### What the task requires
The pictures in the listing below are to be skipped, while the lines between the line holding "REF DESIGNATION U P.U en lettre(FCFA H.T)" and the line holding "03:18:45Der Livestream beginnt", inclusive, are to be output exactly.

### Study material
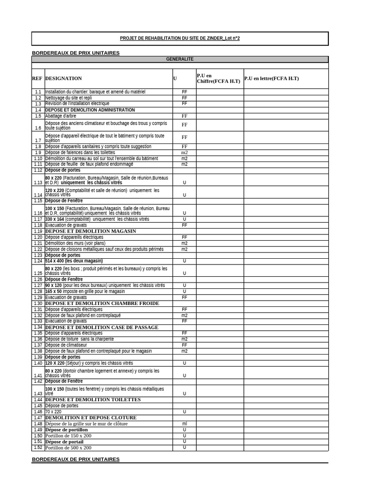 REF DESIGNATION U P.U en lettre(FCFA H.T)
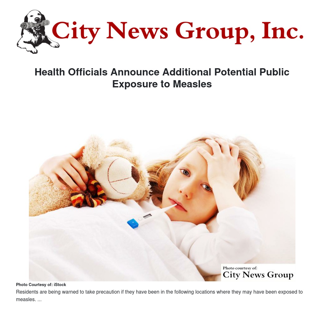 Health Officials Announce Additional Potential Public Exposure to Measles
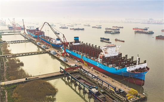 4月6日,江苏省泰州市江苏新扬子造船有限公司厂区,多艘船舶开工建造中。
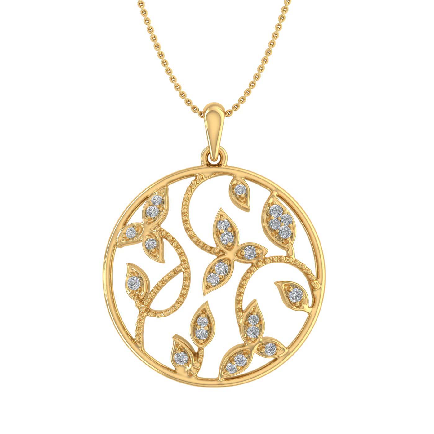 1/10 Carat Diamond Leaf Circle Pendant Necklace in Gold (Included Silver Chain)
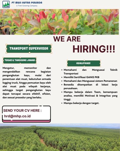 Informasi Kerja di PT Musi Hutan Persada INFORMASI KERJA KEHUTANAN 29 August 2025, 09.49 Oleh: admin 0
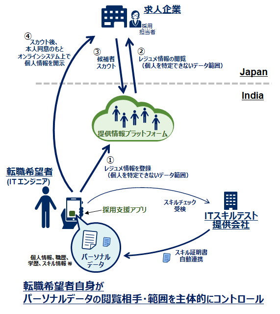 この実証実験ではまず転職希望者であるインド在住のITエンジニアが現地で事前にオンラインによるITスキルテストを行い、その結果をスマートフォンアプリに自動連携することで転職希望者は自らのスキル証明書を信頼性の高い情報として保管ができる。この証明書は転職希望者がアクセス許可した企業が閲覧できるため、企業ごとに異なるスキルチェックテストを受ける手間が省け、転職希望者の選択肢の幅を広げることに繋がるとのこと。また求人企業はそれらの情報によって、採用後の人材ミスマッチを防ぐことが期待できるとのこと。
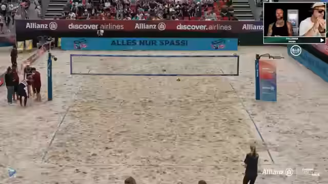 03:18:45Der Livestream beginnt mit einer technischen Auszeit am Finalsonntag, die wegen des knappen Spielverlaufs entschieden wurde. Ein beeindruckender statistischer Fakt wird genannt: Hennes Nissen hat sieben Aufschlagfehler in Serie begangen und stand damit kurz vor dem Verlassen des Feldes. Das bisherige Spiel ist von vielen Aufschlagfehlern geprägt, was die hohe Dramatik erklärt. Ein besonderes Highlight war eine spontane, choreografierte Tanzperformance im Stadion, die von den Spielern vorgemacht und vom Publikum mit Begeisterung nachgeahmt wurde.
...
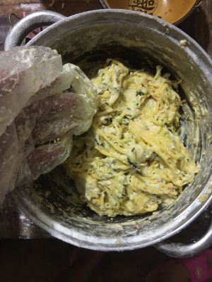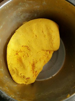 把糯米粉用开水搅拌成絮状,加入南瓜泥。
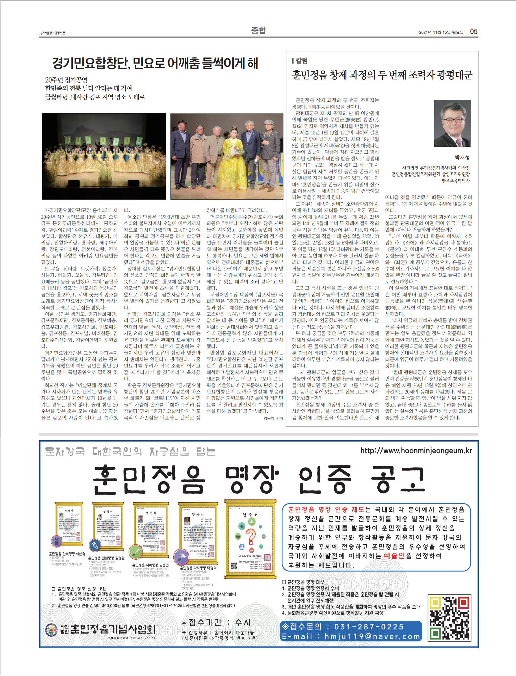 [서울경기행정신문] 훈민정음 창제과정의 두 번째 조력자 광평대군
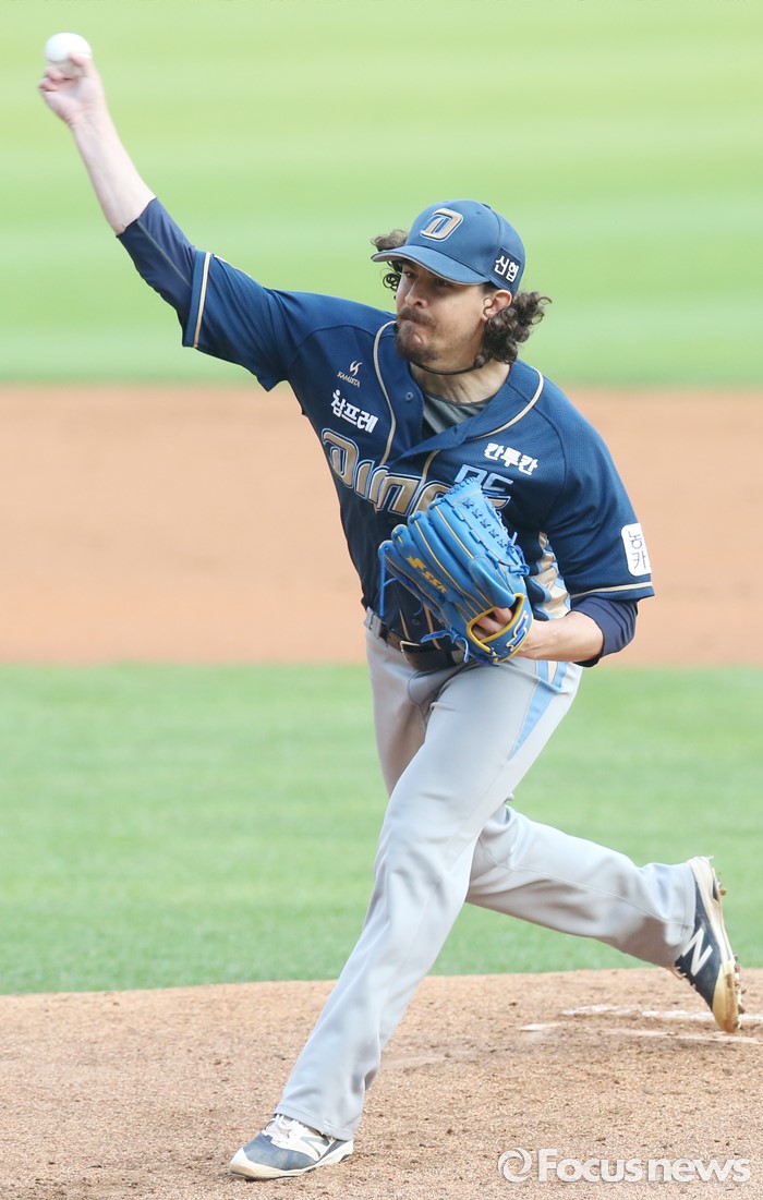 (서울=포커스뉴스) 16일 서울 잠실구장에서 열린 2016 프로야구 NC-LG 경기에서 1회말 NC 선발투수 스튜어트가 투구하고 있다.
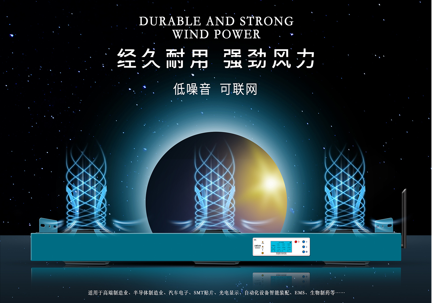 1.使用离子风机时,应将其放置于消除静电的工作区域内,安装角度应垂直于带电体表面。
--
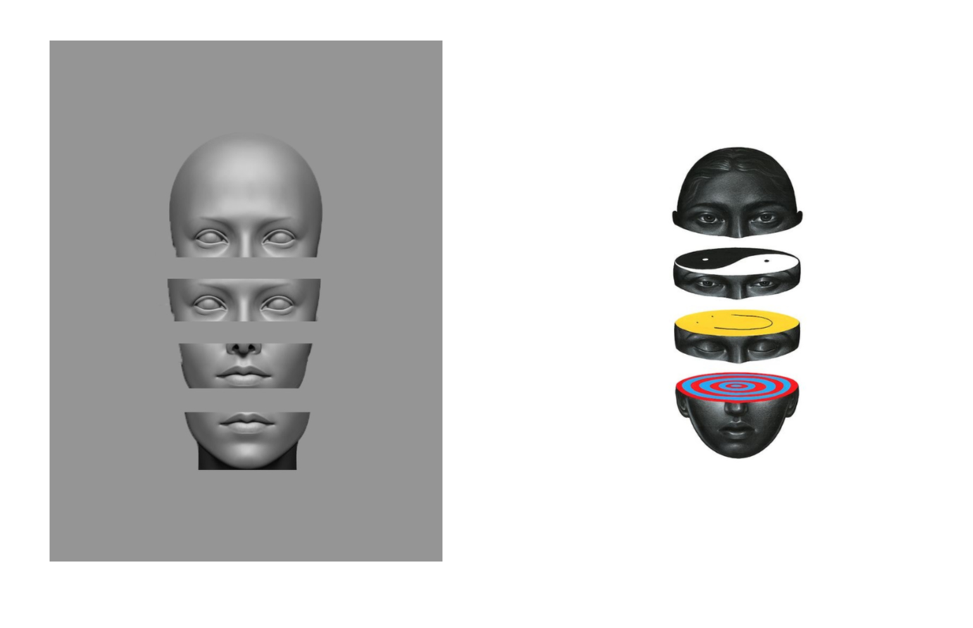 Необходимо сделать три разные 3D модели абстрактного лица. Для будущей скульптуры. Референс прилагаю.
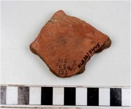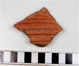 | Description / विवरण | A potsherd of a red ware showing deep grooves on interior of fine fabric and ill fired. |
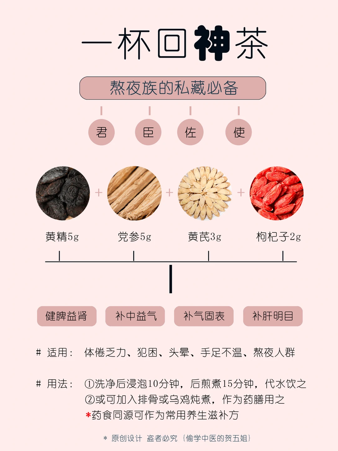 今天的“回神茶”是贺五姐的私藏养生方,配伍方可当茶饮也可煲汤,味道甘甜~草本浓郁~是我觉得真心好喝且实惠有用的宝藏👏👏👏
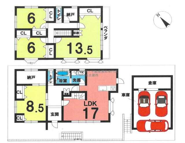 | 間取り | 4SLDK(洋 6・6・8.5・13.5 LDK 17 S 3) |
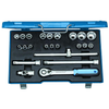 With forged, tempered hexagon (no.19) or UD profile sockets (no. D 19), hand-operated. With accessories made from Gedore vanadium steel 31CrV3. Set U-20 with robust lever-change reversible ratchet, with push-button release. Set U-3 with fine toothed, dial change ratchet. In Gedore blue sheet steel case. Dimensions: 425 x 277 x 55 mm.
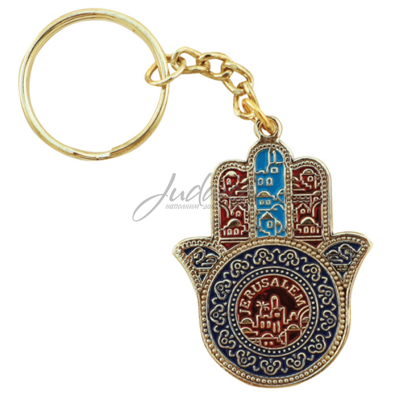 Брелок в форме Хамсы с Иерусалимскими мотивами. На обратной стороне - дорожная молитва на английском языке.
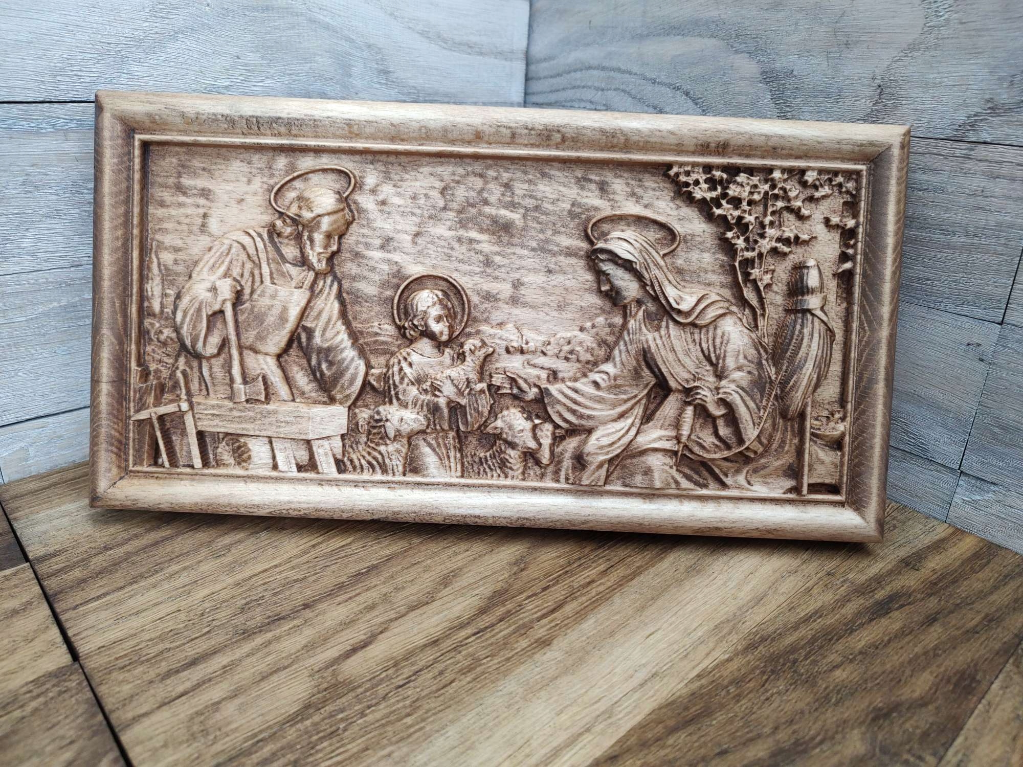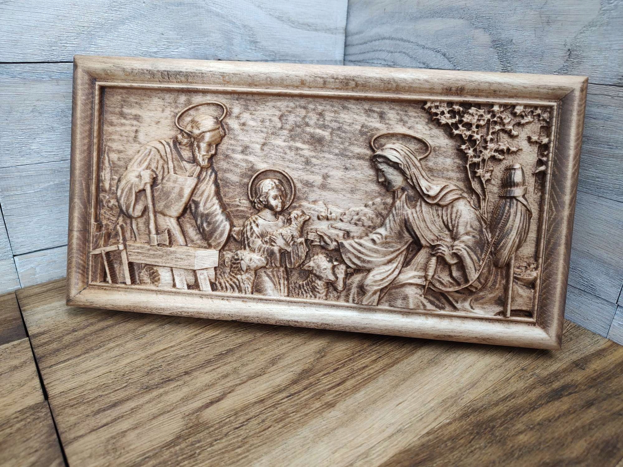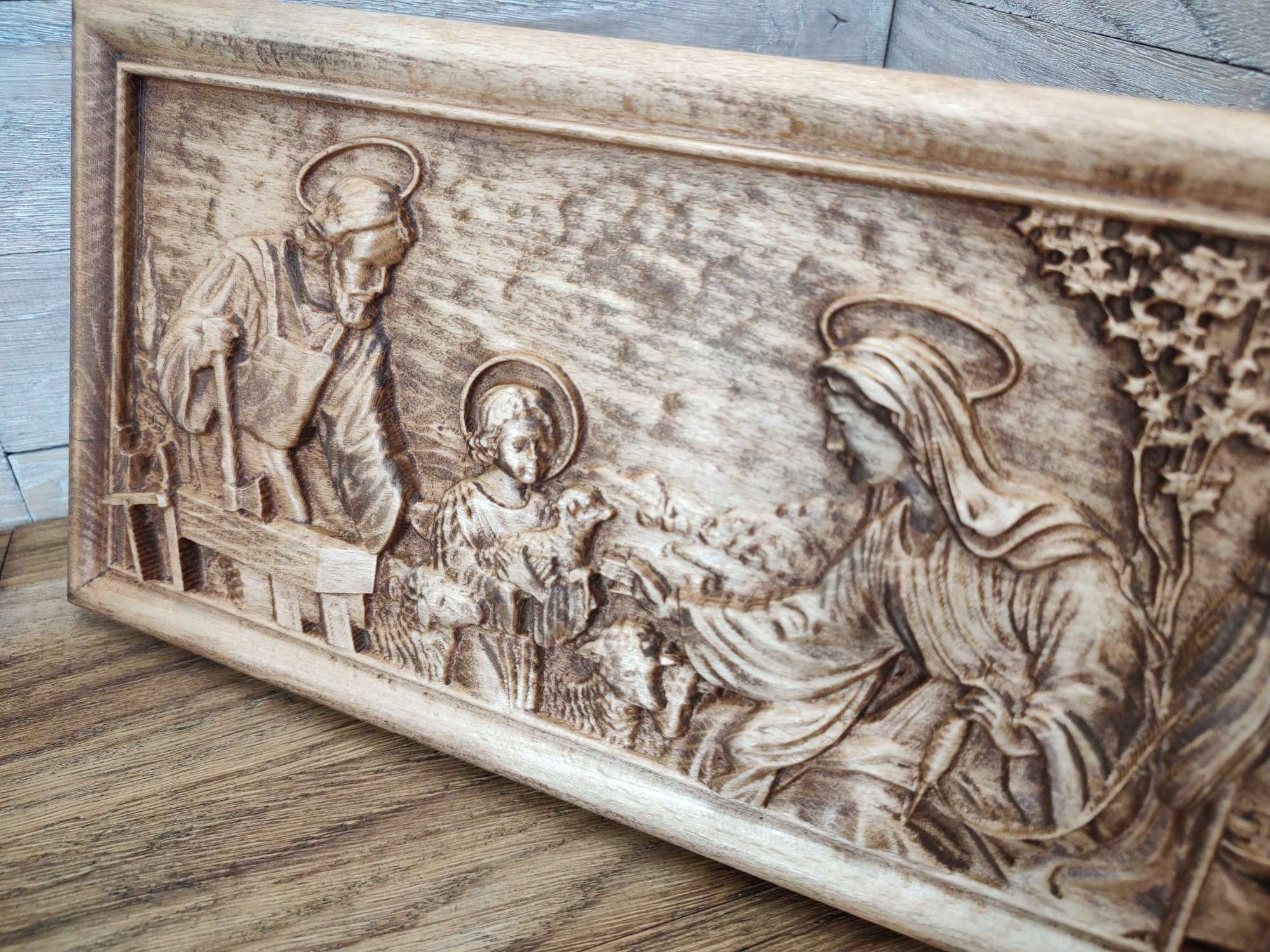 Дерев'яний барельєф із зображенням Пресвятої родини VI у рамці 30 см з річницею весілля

### Answer space
 REF DESIGNATION U P.U en lettre(FCFA H.T)
 Health Officials Announce Additional Potential Public Exposure to Measles
 4月6日,江苏省泰州市江苏新扬子造船有限公司厂区,多艘船舶开工建造中。
 1/10 Carat Diamond Leaf Circle Pendant Necklace in Gold (Included Silver Chain)
 Informasi Kerja di PT Musi Hutan Persada INFORMASI KERJA KEHUTANAN 29 August 2025, 09.49 Oleh: admin 0
 この実証実験ではまず転職希望者であるインド在住のITエンジニアが現地で事前にオンラインによるITスキルテストを行い、その結果をスマートフォンアプリに自動連携することで転職希望者は自らのスキル証明書を信頼性の高い情報として保管ができる。この証明書は転職希望者がアクセス許可した企業が閲覧できるため、企業ごとに異なるスキルチェックテストを受ける手間が省け、転職希望者の選択肢の幅を広げることに繋がるとのこと。また求人企業はそれらの情報によって、採用後の人材ミスマッチを防ぐことが期待できるとのこと。
 03:18:45Der Livestream beginnt mit einer technischen Auszeit am Finalsonntag, die wegen des knappen Spielverlaufs entschieden wurde. Ein beeindruckender statistischer Fakt wird genannt: Hennes Nissen hat sieben Aufschlagfehler in Serie begangen und stand damit kurz vor dem Verlassen des Feldes. Das bisherige Spiel ist von vielen Aufschlagfehlern geprägt, was die hohe Dramatik erklärt. Ein besonderes Highlight war eine spontane, choreografierte Tanzperformance im Stadion, die von den Spielern vorgemacht und vom Publikum mit Begeisterung nachgeahmt wurde.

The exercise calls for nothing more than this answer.